How to get Kerberos instead of delegation token in Hadoop mapReduce? - hadoop

I'm a Java user, when submitting a job to Hadoop mapReduce, it uses Kerberos to authenticate for Hadoop, and upon success there's the delegation token created and passed with the job submission to Hadoop instead of the kerberos ticket (for security reason as stated by Hadoop). Now the job is running as me, but the job itself needs to use Kerberos to send request to other services outside Hadoop. Now I don't have kerberos TGT on Hadoop and I can't get the service ticket.
Is there anyway I can pass the Kerberos ticket with the job? (I know it might be dangerous since we don't want to pass the secret around), JobConf could pass the string to string pairs to Hadoop, but I have to convert the TGT to a json string and revert it during job running?
Or is it possible to use the delegation token reform TGT?
I tried to google it but not much information, anyone could help? Thank you.
**Editted:**
Looks like there's no easy way of doing this without passing the TGT to Hadoop, so I am going to try the following method by passing the TGT as string via job config map to Hadoop (String only), and convert the string back to TGT object when the job runs in Hadoop. The concern is I am going to pass the credentials over the network, which is not a best practice and one of the very reasons Hadoop didn't pass Kerberos around for security. If I could re-use the reformed TGT passed to Hadoop to get the service tickets, I will try to encrypt the TGT string as much as possible to avoid security issues.
So before starting a job in the local machine, the code would be like:
import sun.security.krb5.Credentials;
Credentials tgt = Credentials.acquireTGTFromCache(null, null); // Make sure kinit is done before this
String tgtStr = tgt.convertToJsonString(); //Need to implement this
Job job = new Job("Test");
JobConf jobConf = job.getJobConf();
jobConf.set("tgtStr", tgtStr);
job.addTask(Test.class, "run", null);
job.submit();
job.waitForCompletion(true);
Then the function in the job for Hadoop to run would be like:
Configuration conf = TaskContext.get().getConfiguration();
String tgtStr = conf.get("tgtStr");
Credentials tgt = reformTGTFromString(tgtStr);//Need to implement this
Credentials serviceTicket = Credentials.acquireServiceCreds(servicePrincipal, tgt); //This is to get any service ticket
So I need to implement two function to stream TGT object (Credentials.class) to string and then reform it back to object.
Anyone knows a better solution for this? Thanks.

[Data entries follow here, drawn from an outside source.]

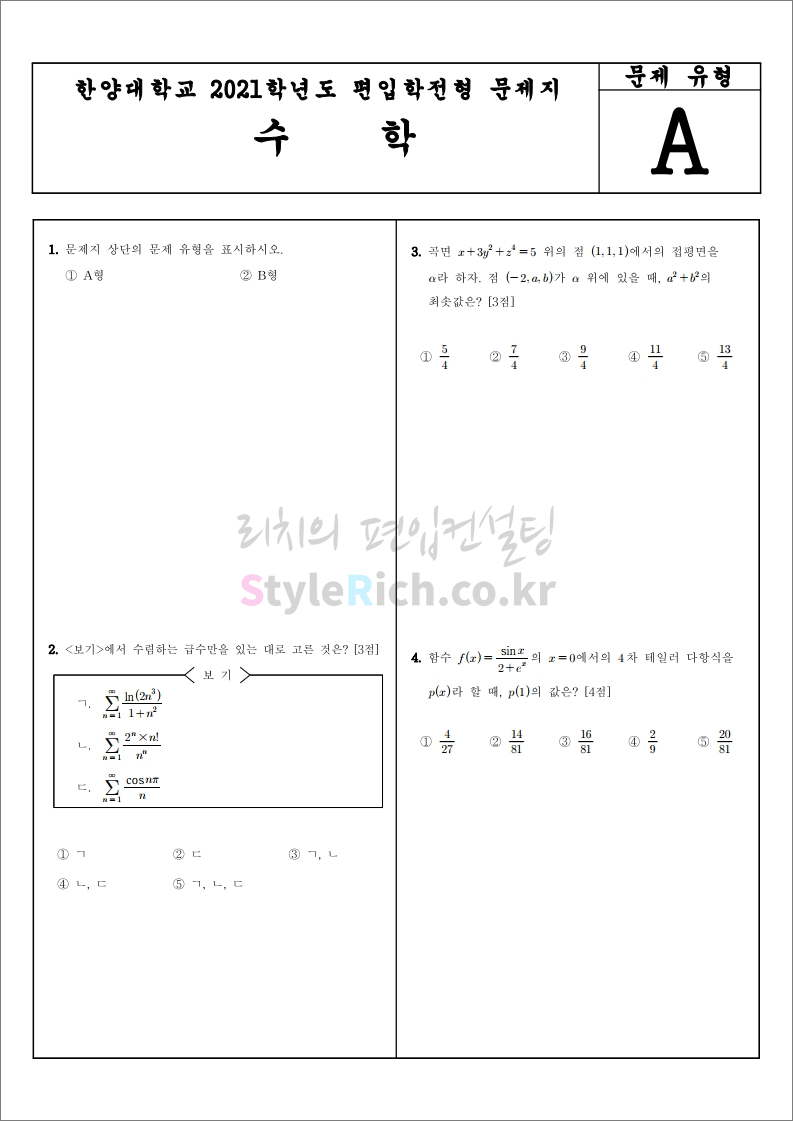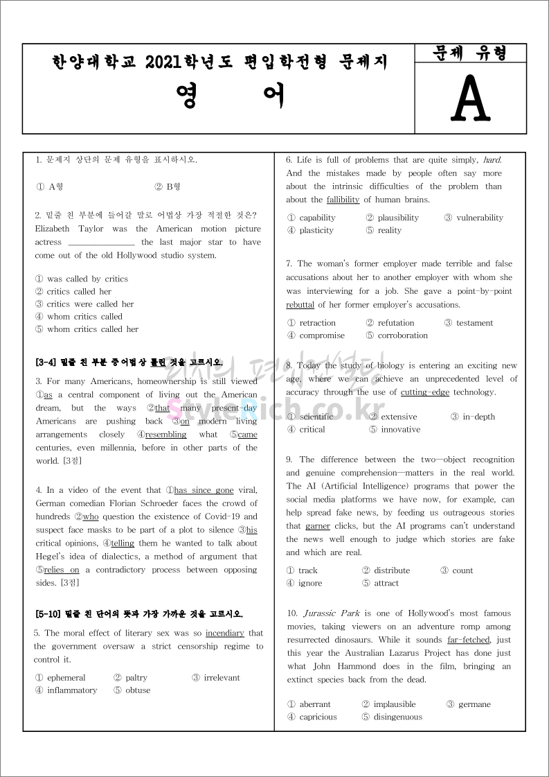 2021학년도 한양대 영어 필기고사는 40문항/70분, 객관식 5지선다형, 총 100점 만점에 20문항 2점, 20문항 3점으로 구성되어 있습니다. 수학고사는 25문항/70분, 20문항 객관식 5지선다형, 5문항 단답형 주관식, 총 100점 만점에 3, 4, 5점으로 문항당 배점이 다릅니다.
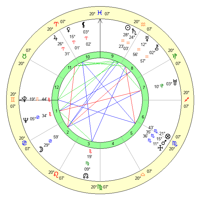| Sun | 28 Aquarius 23 | 29 Aquarius 17 | 25 Gemini 48 |
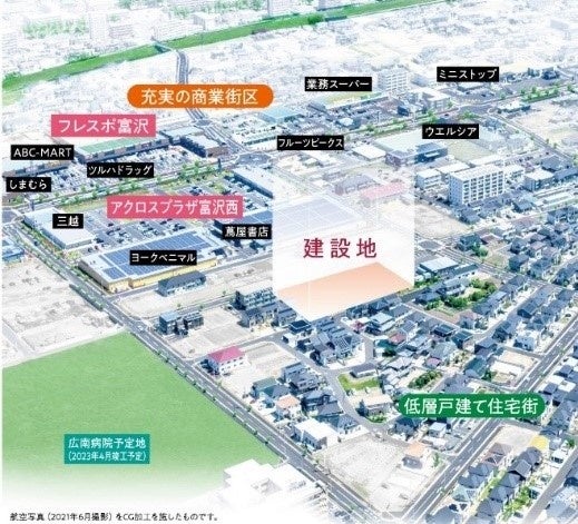本物件は、仙台市太白区の地下鉄「富沢」駅西側の新しい街「富沢ウェストタウン」に誕生、北側には多くの商業施設が集まり、南側には低層の一戸建住宅街が広がる住環境となっています。
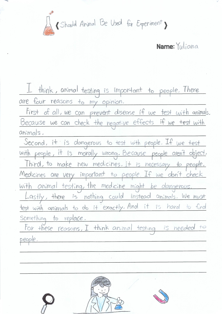 안녕하세요, 씨유 어학원입니다 :D 이번 주에는 아이들과 조금 색다른 주제로 영어 글쓰기를 해봤습니다 바로 ‘동물실험, 과연 찬성일까? 반대일까?’ 라는 주제였는데요! 이번 시간을 통해 아이들은 단순한 영어 글쓰기 활동을 넘어, 논리적으로 생각하고 자신의 의견을 표현하는 힘을 키울 수 있었습니다 ㅎㅎ Mind mapping 일단 본격적인 에세이를 쓰기 전, 마인드맵(mind map) 으로 생각을 정리해 보는 시간을 가졌습니다 ㅎㅎ 주제를 가운데에 적어두고, 떠오르는 생각들을 가지처럼 뻗어나가며 자유롭게 적어보게 했습니다! 과연 우리 아이들은 동물실험에 대해 어떤 입장을 선택했을까요? The Pro Side ♀️ 먼저 Yuliana 학....... <img src="https://blogthumb.pstatic.net/MjAyNjA0MTVfMTY3/MDAxNzc2MjM0ODM0NjYz.-uT3v9zsk-lm5C7Q9nX0De9Qzxgr3kQic6UINmFjcGUg.EhAADW5xaaNQKP_GUKMzvLq4gEjRZTlaZgmcChyYm9Ug.PNG/%B1%DB%BE%B2%B1%E2_2.png?type=s3" />

Please see the design at http://carfield.com.hk:8080/document/distributed/hadoop-security-design.pdf , if you have not done so already.
Or is it possible to use the delegation token reform TGT?
No, the delegation tokens are issued by Hadoop name node and while it is based on the Kerberos authentication, it is independent and you can not derive the Kerberos TGT from it.
In the original design, we considered using solely Kerberos(without any additional tokens), which would have made your plan easy but decided against it for these reasons:
Performance:
Thousands of M/R tasks may need to get the Kerberos tickets at the
same time
Kerberos credentials need to be renewed before the expiry
For scheduled jobs, this will be an issue
Delegation tokens don’t depend on Kerberos and can be coupled with non-Kerberos authentication mechanisms- (such as SSL) used at the edge.
In your case, you can use a private distributed cache and send the forwardable TGT. I think this will be OK but need to think about it some more. Obviously you need to make sure your implementation is secure, that your tickets have minimally necessary lifetime, IP channel bindings are used if possible and restrict the use of tickets only to authorized processes.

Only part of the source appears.